Leitverse: Johannes 11,1-16

Von den Juden verworfen, war der Herr an den Ausgangspunkt seines Dienstes zurückgekehrt, nach Bethanien, „jenseits des Jordan, an den Ort wo Johannes zuerst taufte“, und war dort geblieben (Joh 10,39.40; vgl. Joh 1,28). Dort erreicht Ihn aus dem in Judäa gelegenen Dorfe gleichen Namens die Nachricht, die wir am Beginn des 11. Kapitels finden.

Joh 11,1: Es war aber ein gewisser krank, Lazarus von Bethanien, aus dem Dorfe der Maria und ihrer Schwester Martha.

In der Tat, eine nicht minder bemerkenswerte, eigenartige Ortsbestimmung, so recht des göttlichen Schreibers würdig, der die Hand des Evangelisten führte! Alles, was irgend sonst zu erwähnen war, verblasst für ihn vor dem Umstande, dass dieses Dorf der Wohnort jener zwei Schwestern war, deren Herzen für den Herrn Jesus schlugen. Und noch eins fällt uns auf: Maria, die Jüngere, wie wir nach Lukas 10,38.39 annehmen müssen, wird vor ihrer älteren Schwester genannt. Wenn es sich nachher um die Gefühle des Herrn den Geschwistern gegenüber handelt, erfolgt diese Hervorhebung nicht (lies Joh 11,5), doch wenn es die Anerkennung unserer Liebe gilt, dann werden Unterschiede gemacht, die Gottes vollkommener Gerechtigkeit entsprechen. Denn „Maria war es, die den Herrn mit Salbe salbte und seiner Füße mit ihren Haaren abtrocknete“ (Joh 11,2), die sich wie kein anderer in die Gefühle und die Lage des Herrn versetzt hat (vgl. Mt 26,13; Mk 14,9).

Dass es der Bruder dieser Maria war, rief die Gefühle des Herrn in besonderer Weise wach. Und auf die „innerlichen Gefühle“ des Herrn beriefen sich auch die Schwestern in ihrer Botschaft: 

Joh 11,2.3: Deren Bruder Lazarus war krank. Da sandten die Schwestern zu ihm und ließen ihm sagen: Herr, siehe, der, den du lieb hast, ist krank.
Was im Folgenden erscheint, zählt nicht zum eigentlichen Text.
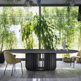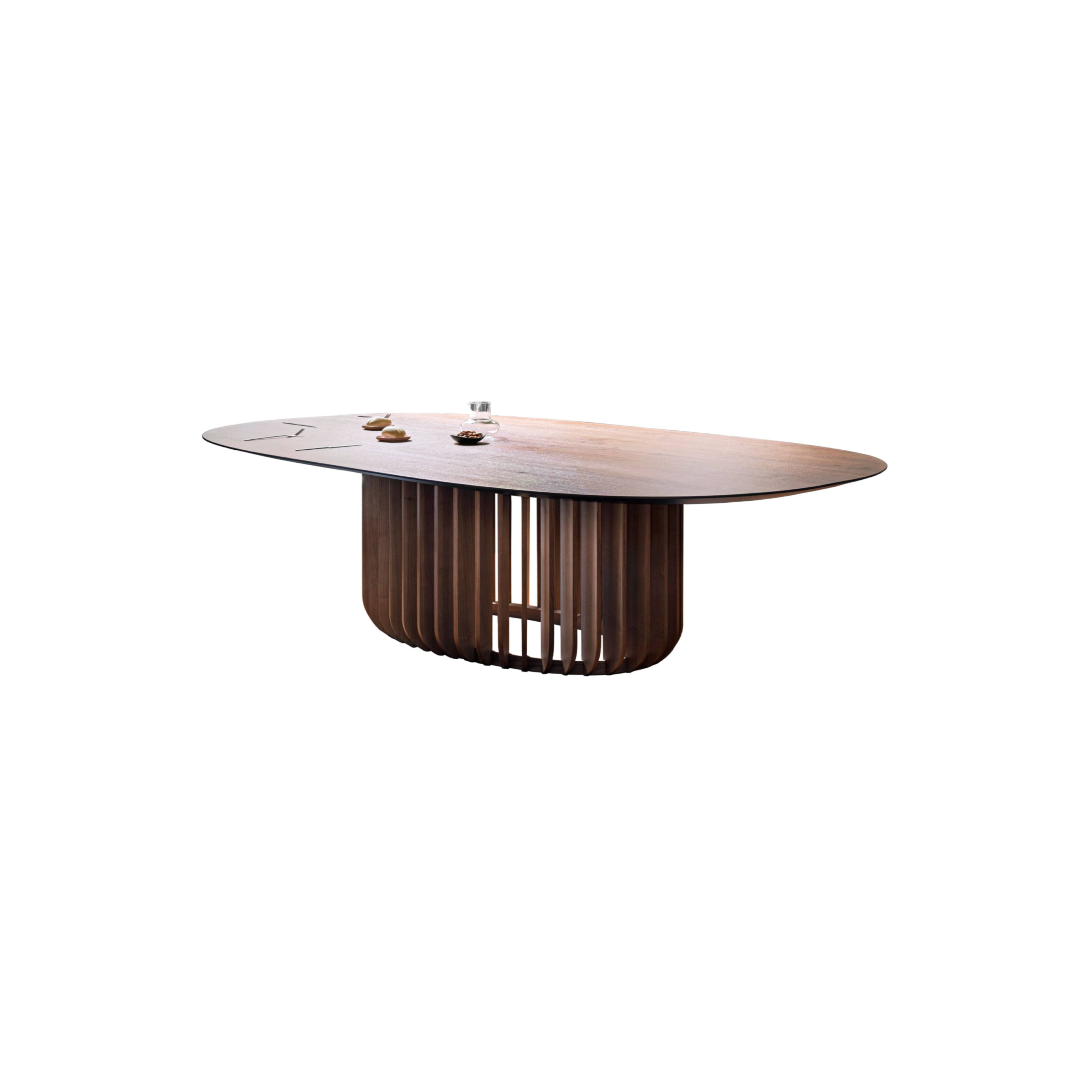 Hewing to its rounded proportions even in a rectangular version, Juice mingles a sense of grandeur with a meditative calm. The slatted wood base, said to be suggested by a juicer, takes on an expressive form in the hands of Florence E-ggs for Italian maker Miniforms. Balancing positive and negative space with its slatted wood scheme brings a lightness that belies the tables impressive proportions. Choose from the boldly scaled tabletop variations in solid-wood finishes or a range of marbleized patterns in porcelain ceramic.

Hier fühlen wir, dass es etwas zu lernen gibt für uns selbst. Fällt uns nicht mancher unserer Altersgenossen ein, „den der Herr lieb hat“ und den wir im Vertrauen auf diese Liebe Ihn bringen könnten? Wie gäbe doch dies Vertrauen unseren Gebeten Kraft, und andererseits, weil es fehlt, weil wir seine liebenden Gedanken über die Gegenstände unserer Fürbitte oft so wenig verwirklichen, erlahmen wir in unseren Gebeten. Lasst uns diesen Dienst mehr im Glauben tun! „Als er ihren Glauben sah“, heißt es bei der Heilung des Gelähmten (Mk 2,5).
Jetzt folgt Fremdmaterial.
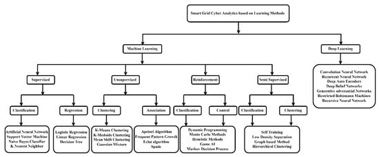 Artificial Intelligence (AI) category consists of various ML and DL, DM, evolutionary, and fuzzy logic methods to detect FDIA. Techniques to detect cyber-attacks that target smart grids can be mainly classified into four categories ML: supervised, unsupervised, semi-supervised, and reinforcement algorithms. The various cyber-attack detecting algorithms in the smart grid as shown in Figure 5.

Joh 11,4: Als aber Jesus es hörte, sprach er: diese Krankheit ist nicht zum Tode, sondern um der Herrlichkeit Gottes willen, auf dass der Sohn Gottes durch sie verherrlicht werde.
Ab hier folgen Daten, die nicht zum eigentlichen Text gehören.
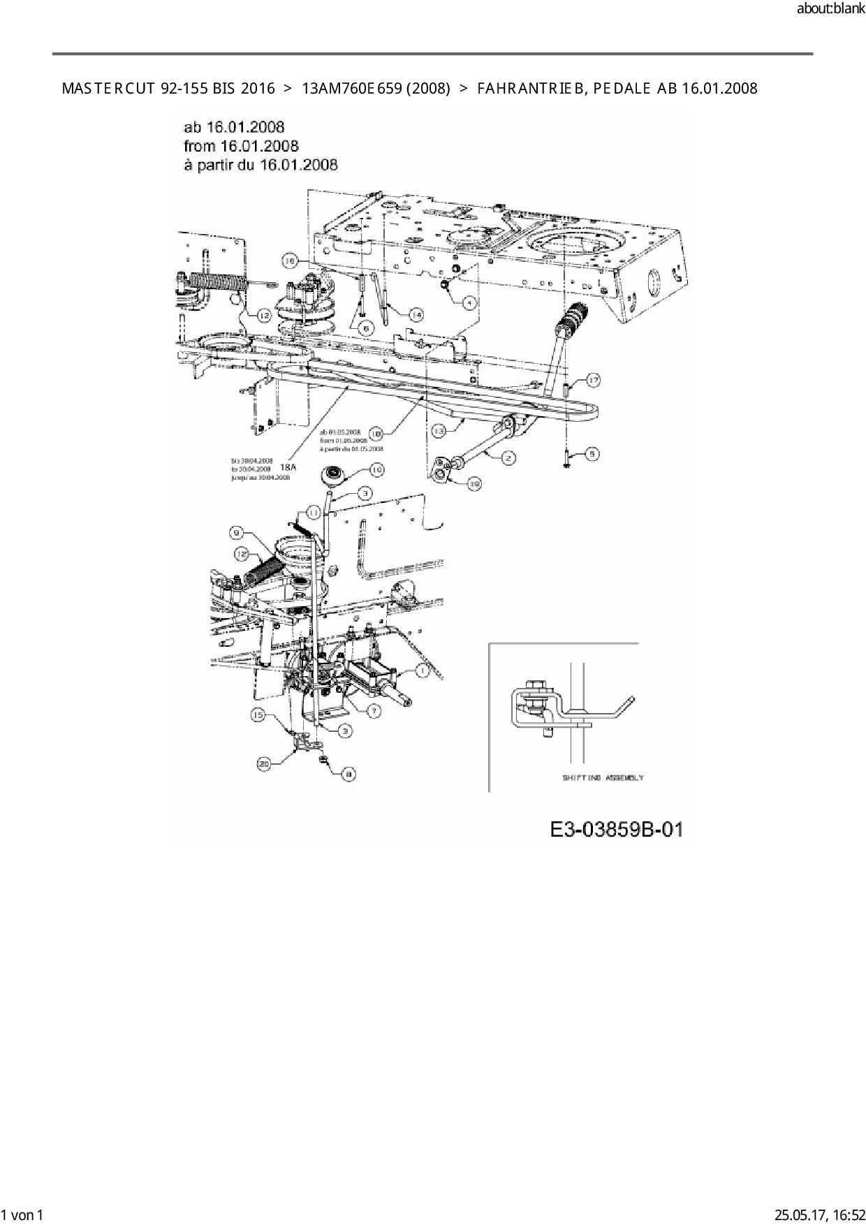Ersatzteile für Rasentraktor Mastercut Mastercut 92-155 bis 2016 aus der Zeichnung Fahrantrieb, Pedale ab 16.01.2008:

Wie schmerzlich und enttäuschend war für Ihn, den von seinem Volke verworfenen, die notgedrungene Rückkehr zu dem Ausgangspunkt seines Dienstes, nach dem Bethanien jenseits des Jordan, gewesen! Doch es gab noch ein anderes Bethanien für Ihn, und dort sollte Er als der Sohn Gottes verherrlicht werden, in der Eigenschaft, die die Juden in ihrem feindseligen Hass nicht anerkennen wollten (Joh 10,30.31.38.39).

Die Liebe des Herrn zu jenen Geschwistern wird uns jetzt noch einmal ausdrücklich bezeugt: 

Joh 11,5-10: Jesus aber liebte Martha und ihre Schwester und Lazarus. Als er nun hörte, dass er krank sei, blieb er noch zwei Tage an dem Ort, wo er war. Danach spricht er dann zu den Jüngern: Lasst uns wieder nach Judäa gehen! Die Jünger sagen zu ihm: Rabbi, eben suchten die Juden dich zu steinigen, und wieder gehst du dahin? Jesus antwortete: Hat der Tag nicht zwölf Stunden? Wenn jemand am Tag wandelt, stößt er nicht an, weil er das Licht dieser Welt sieht; wenn aber jemand in der Nacht wandelt, stößt er an, weil das Licht nicht in ihm ist.

Kein Zweifel daran soll beim Lesen des folgenden aufkommen, denn trotzdem Er wusste, dass Lazarus krank war, „blieb er noch zwei Tage an dem Orte, wo er war“. Erst dann „spricht er zu den Jüngern: Lasst uns wieder nach Judäa gehen!“ (Joh 11,7).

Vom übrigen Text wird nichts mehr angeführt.